Here, the device control CPU 141 performs control related to device management, communication, or configuration setting. The network processor 142 is a high-speed communication processor provided with a built-in CPU 151 and an ATM SAR 134. Using this network processor 142, the bridge unit 194 shown in FIG. 3 is implemented in software, and processing such as frame reception, destination determination, and transmission to the destination is executed. The backplane bus IF circuit 133 implements various types of control related to the line, such as control of the bus with the line, by hardware in order to perform high-speed processing of frames sent in units of gigabits. The backplane bus IF circuit 133 processes the DSL subscriber line termination units 127 _{1 to} 127 _J individually by polling.

  FIG. 5 shows the main functional blocks of this composite relay unit. The composite relay unit 131 includes a basic function unit 161 and a signal processing unit 162 that are realized by the device control CPU 141 and related hardware in FIG. The signal processing unit 162 is implemented in software using the network processor 142 and related hardware in FIG. 4 and a control program. Of course, the signal processing unit 162 can be realized only by hardware.

  In this embodiment, the basic function unit 161 communicates packets with a functional circuit portion 171 that performs processing such as operating a console (not shown) by communicating with a host (not shown). For this purpose, a TCP / IP (Transmission Control Protocol / Internet Protocol) unit 172 as a protocol and a MAC unit 173 for managing MAC (Media Access Control) are provided.

  In this embodiment, the functional circuit portion 171 performs IGMP (Internet Group Management Protocol) snoop unit 171A for eavesdropping on communication by multicast, dynamic assignment of IP addresses that can be reused in an IP (Internet Protocol) network, and various settings. Automatic DHCP (Dynamic Host Configuration Protocol) server 171B, ftp (trivial file transfer protocol) client 171C, SNMP (Simple Network Management Protocol) agent 171D for device monitoring, system control application (APL) 171E, CLI (Command Line Interface) 171F, virtual terminal protocol (TELNET) server 171G, and serial driver 171H. Among these, those particularly required in the description of the present invention will be described in detail later.

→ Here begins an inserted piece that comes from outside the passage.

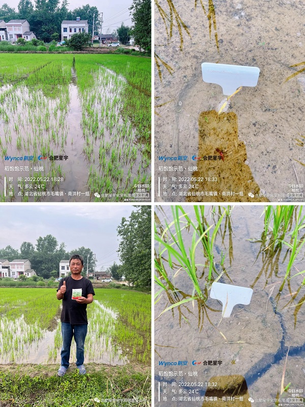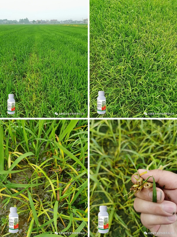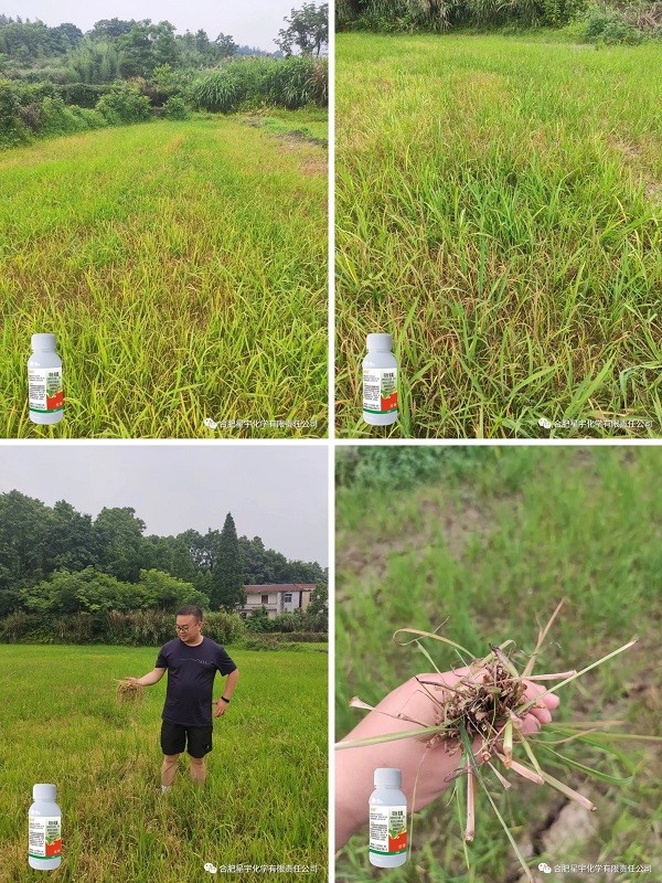 1、本品可防治水稻田马唐、稗草、千金子、双穗雀稗、狗尾草、牛筋草、碎米知风草、矶子草、野黍等禾本科杂草。 2、推荐3叶1芯后用药,正常推荐亩用量为1组,草较大较多时1组兑一桶水,喷匀喷透。 3、不建议温度低于20℃和超过35℃时候使用。 4、推荐使用手动喷雾器、电动喷雾器和无人机施药,不推荐弥雾机、拉管式喷枪施药,可能造成药害。 5、药后2-3天回水,并保水3-5天,水层不能淹没秧芯,否则会造成死苗。 湖北省仙桃市试验示范 施药时间:2022年5月15日 观察时间:2022年5月22日

The signal processing unit 162 includes an Ether transmission / reception control unit 182 that transmits / receives a frame to / from the GbE IF circuit 147 using Ethernet (registered trademark). The Ether transmission / reception control unit 182 receives, for example, a packet received from the program distribution server 116 shown in FIG. 1 via the uplink line 130 shown in FIG. 3 and the DSL subscriber line termination units 127 _{1 to} 127 _J shown in FIG. The packet received via the IF circuit 133 and the ATM SAR 134 is sent to the detect unit 183 where the destination is sorted to the MAC unit 173 or the input filter unit 184. An IGMP control message packet and an IP packet addressed to the IP (Internet Protocol) address of the basic function unit 161 are sent in the direction of the MAC unit 173.

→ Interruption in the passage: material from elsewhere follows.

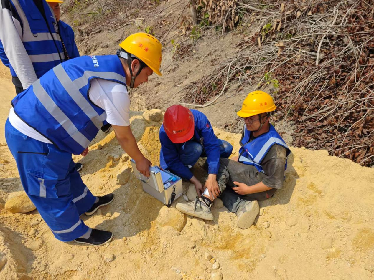 演練過(guò)程緊張有序。下午 3:20,現(xiàn)場(chǎng)安全檢查作業(yè)人員在巡查時(shí)發(fā)現(xiàn) k0 + 770m 填方區(qū)上方流水突然擴(kuò)大,平臺(tái)積水迅速上漲蔓延,有淹沒(méi)現(xiàn)場(chǎng)設(shè)備設(shè)施的危險(xiǎn),立即通過(guò)對(duì)講機(jī)通知現(xiàn)場(chǎng)人員和設(shè)備撤離。隨后,各應(yīng)急演練小組迅速響應(yīng),搶險(xiǎn)搶修組以搶救人員生命安全為首要任務(wù),組織設(shè)備撤離并制定安全措施;警戒疏散組布置安全警戒,實(shí)行交通管制,確保現(xiàn)場(chǎng)秩序;醫(yī)療救護(hù)組準(zhǔn)備就緒,隨時(shí)應(yīng)對(duì)可能的傷亡情況;物資供應(yīng)組保障應(yīng)急物資的供應(yīng);交通運(yùn)輸組提供交通車輛保障。

  The input filter unit 184 is, for example, for blocking unauthorized access to the second layer (L2) frame and the third layer (L3) packet. The input filter unit 184 compares the transmitted packet with a pre-registered condition, and performs processing to discard the matched packet or pass only the matched packet. The packet that has passed through the input filter unit 184 is passed to the MAC learning unit 185. The MAC learning unit 185 learns the transmission source MAC address and the received logical port number of each transmitted packet, and registers these results in the MAC table 186. The packet is then passed to the bridge forwarder 135. The bridge forwarder 135 extracts the destination MAC address from the packet, searches the MAC table 186, and searches to which logical port the destination MAC address is connected. Initially, even if the transfer destination of the packet to be relayed is not known and sent to all the logical ports other than the received logical port, the destination information is sent to the destination using the source information as a key. Can be transferred only to the logical port corresponding to the packet.

  A MAC aging unit 188 is connected to the MAC table 186. Even if the MAC address stored in the MAC table 186 is a learning result, the MAC aging unit 188 deletes the MAC address from the MAC table 186 as a valid time-out if the same address is not relearned within a certain period of time. I do.

  A bridge forwarder 135 configured as an L2 forwarder is connected to the MAC learning unit 185, the MAC table 186, the output filter unit 191 and the MAC unit 173. The output filter unit 191 corresponds to the input filter unit 184, and after identifying the output logical port corresponding to the destination, in the process of controlling the discard and passage of frames that match the filtering conditions set in the port, Discards inappropriate packets without sending them. Conditions for the output filter unit 191 to perform such filtering are set in advance by the network administrator by the protocol, the IP address, and the input / output logical port.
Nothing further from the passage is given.